Все слилось оттого, что это было единое, звенья одной цепи. -

Вспомни, Оскар, осень сорок первого, колючую проволоку,

штурмфюрера Шмидта...

– Дорогая, во Вьетнаме идет война, – поспешно перебил

ее Оскар: ему не хотелось, чтоб жена продолжала аналогию -

слишком очевидна и убийственна была она и потому

неприятна, на нее нечем было возразить, не было

убедительных аргументов. – На войне убивают, это так же

естественно, как утро после ночи.

– Но зачем? Зачем эта война? Зачем она Америке?

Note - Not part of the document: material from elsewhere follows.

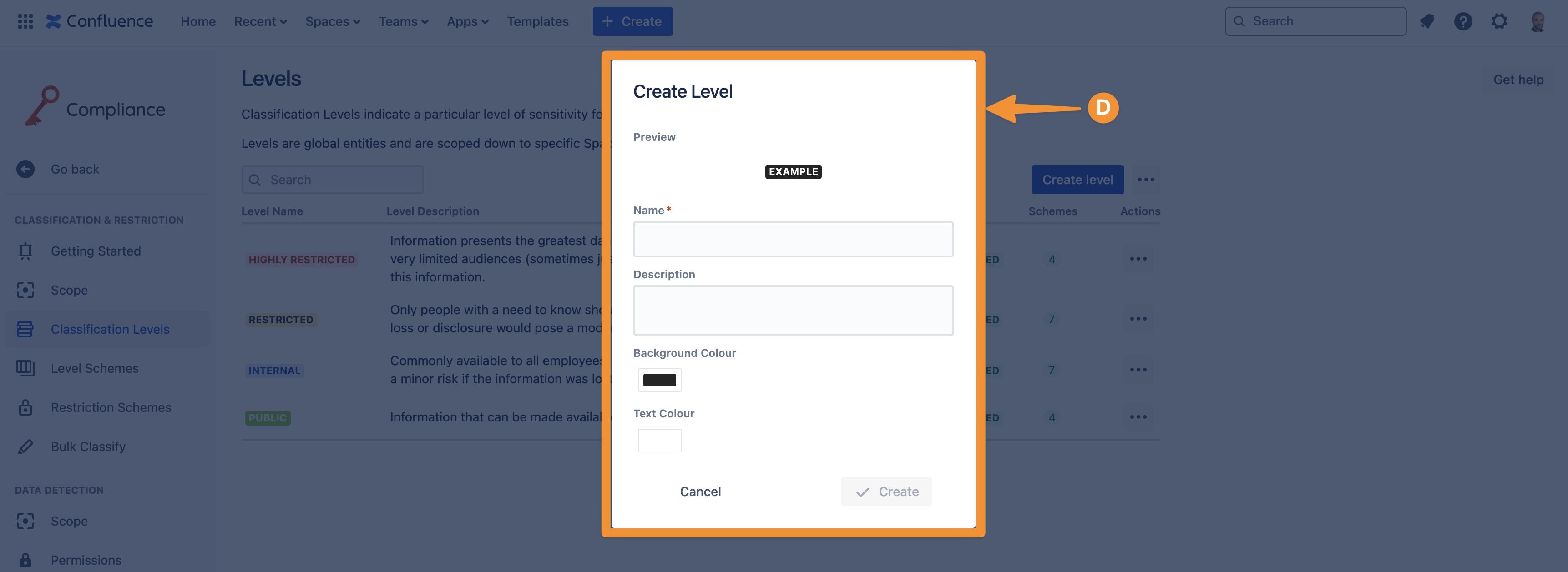 Confluence users will be able to see the name, description, and colors of the classification levels so be sure to choose something your colleagues will understand.

– Виктор тебе ответил, и в его ответе есть разумные

мысли. Потому я тебе и сказал: наш мальчик начал думать, и

меня это радует, хотя ты знаешь, что лично я за прекращение

этой войны. Но вот Виктор говорит, что мы воюем в интересах

безопасности США, иначе мы окажемся в кольце

коммунистической блокады. А он, Виктор, впрочем, как и Бен,

как и я, не хочет, чтоб у нас отняли коммунисты все, что

принадлежит нам. И вообще мы хотим, чтоб Америка была

Америкой, нашей Америкой.

Нина Сергеевна вздохнула и отвела от мужа

отчужденный взгляд.

Молчаливый вздох жены, наполненный горькой иронией,

одновременно и смущал и злил Оскара. Они хорошо понимали

друг друга без слов, были слишком чувствительны ко всякой

фальши и демагогии. Оскар умел уклоняться от неприятных

вопросов, обходить острые углы, делая неожиданно резкие

повороты в разговоре. Нина Сергеевна это отлично понимала,

но, не желая идти на обострение, позволяла мужу производить

словесные маневры. И Оскар решил "сманеврировать" и на

этот раз.

– Разве интервью с Уэлтнером, опубликованное в нашей

газете, не достаточное свидетельство моего отношения к

вьетнамской авантюре? – вдруг сказал Оскар. – Но я не могу

осуждать Виктора. Он солдат, он выполняет свой долг. На

войне убивают, там нет места сантиментам. Там чувства

грубеют, человек ожесточается, звереет. Да, да, дорогая,

именно звереет. Каждый хочет выжить. Там действует закон:

либо ты – либо тебя. Ты бы не хотела, чтобы убили Виктора?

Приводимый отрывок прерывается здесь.